Kelloggs PEP Cereal?. NO it's the cocaine, silly.
@SheCracked: I especially liked the early episode wherein the secretary goes to a Dr. to get on the Pill. He tells her if he hears she's being the village bicycle he'll take it away.
@RosemaryF: I have that on my bookshelf right now. Borrowed from my boyfriend, actually, who has it for teaching of gender theory purposes.
"They are so funny, bring back the days when people could laugh at themselves and not take things too seriously"
- Nat, Brighton
@HannahBethD: welcome to the wonderful world of daily mail readers. bleh.
My parents have a huge collection of Life magazines, which are rife with this kind of ad. It's sort of amazing to think of how far we've come in just 50 years. I wish I could ask my dearly departed grandmother what she thought of these ads. She was a typical housewife in the 50s and 60s, but she didn't get married until she was like 35, didn't have my mom until she was 40. So she had a really cool, full life before all that.
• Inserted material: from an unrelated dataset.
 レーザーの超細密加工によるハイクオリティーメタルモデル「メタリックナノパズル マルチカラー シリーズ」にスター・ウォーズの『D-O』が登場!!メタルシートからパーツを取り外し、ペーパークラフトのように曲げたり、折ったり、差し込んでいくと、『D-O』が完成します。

She was a musician and artist, got her bachelors degree, etc. I know my grandfather was also a really interesting, progressive man, so I wonder if they both rolled their eyes at this sort of ad, but just saw it as the conventional humor. Just like all the terrible, unfunny advertising we have now.
@vocalstylings: And by "themselves" he means women, of course. These dudes always define humor as, "...at someone else's expense."
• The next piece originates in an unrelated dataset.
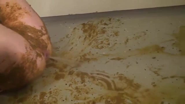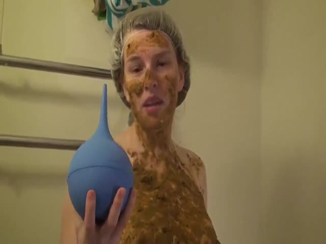 Sexy milf covered her entire body with her fresh poop. Like that was not enough she inserts water into her as so she can poop liquid shit with pressure.

Has any body seen the really nice Taschen advertising series coffee table book? Some misogyny, some irony, some nostalgia, lots of really nice images. There's one for almost all the decades of the 20th century but my favorite is All-American Ads of the 40s.
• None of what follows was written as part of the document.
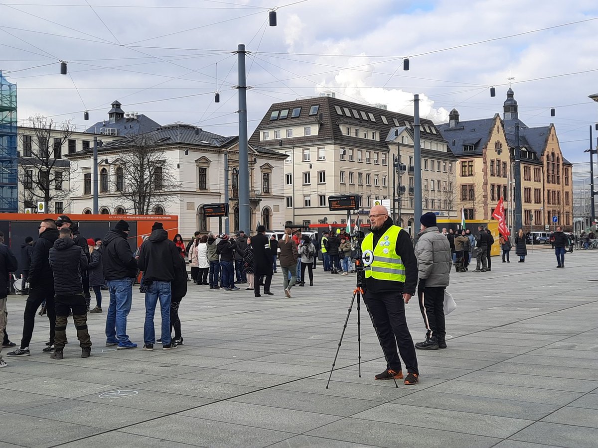 14:43 Auch Michael Brück, ehemals Dortmunder Nazi und jetzt wohnhaft in Chemnitz, ist eingetroffen. Er gehört zu den Freien Sachsen und betreibt deren Telegram-Kanal

@SheCracked: @Kataroo_Kangaroo: Fabulous show. I've always been fascinated by art that portrays the bottom feeders.
These usually amuse me, but only because I think sexism is still as rampant in advertising now as it was then. They won't come right out and say women should be nothing but stupid, submissive, fertile, and decorative, but about eighty percent of ads imply it.
I had no idea Pitney-Bowes was shilling postage meters back in the fifties. I never heard of them before they offered that home digital postage scale/printer deal in the late nineties.
While I'm glad that this is no longer the norm in advertising, there's still so much shit going on in advertising today. American Apparel? No, women aren't too dumb to put on their own clothes, they're just disembodied asses.
@jenndavo: My husband won't get me anything that might be interpreted as domestic either. I think it's because he's afraid of me. He's smart.
We really haven't come a long way. Advertising may not be as overtly sexist, but it's still incredibly demeaning to women.
@nocakebuttevah: My grandparents gave my mother a mixer as a "graduation gift" when she got her Phd. ... in chemical engineering.
She said she had mixed feelings because on the one hand, it was totally inappropriate and insulting, but on the other hand, it was a very nice mixer...
@UDman: Its because women can't drive. I think its a documentary or whatever.
I remember my dad gave my mom something like a frying pan for xmas. She nearly beat him half to death with it.
Good times
@UDman: I think because it has a reference to an old car ad?
Also - once my ex-step-dad gave my mom a red vacuum cleaner to match her new red coupe - she was NOT AMUSED. And this maybe the sole reason he is my ex-step-dad!
Is this sort of advertising really any worse than the bullshit we have to look at these days? I think the only difference is that the actual phrases being used are shocking. Just because we don't have ads with the blazing question "Is it really illegal to kill your wife?" doesn't mean that the Axe ads and Midol commercials (btw, this one is my favorite: Woman: I really could use some chocolate. Her friends, looking at each other knowingly: YEAH, SHE'S MENSTRUAL!) are any less fucking annoying and rude.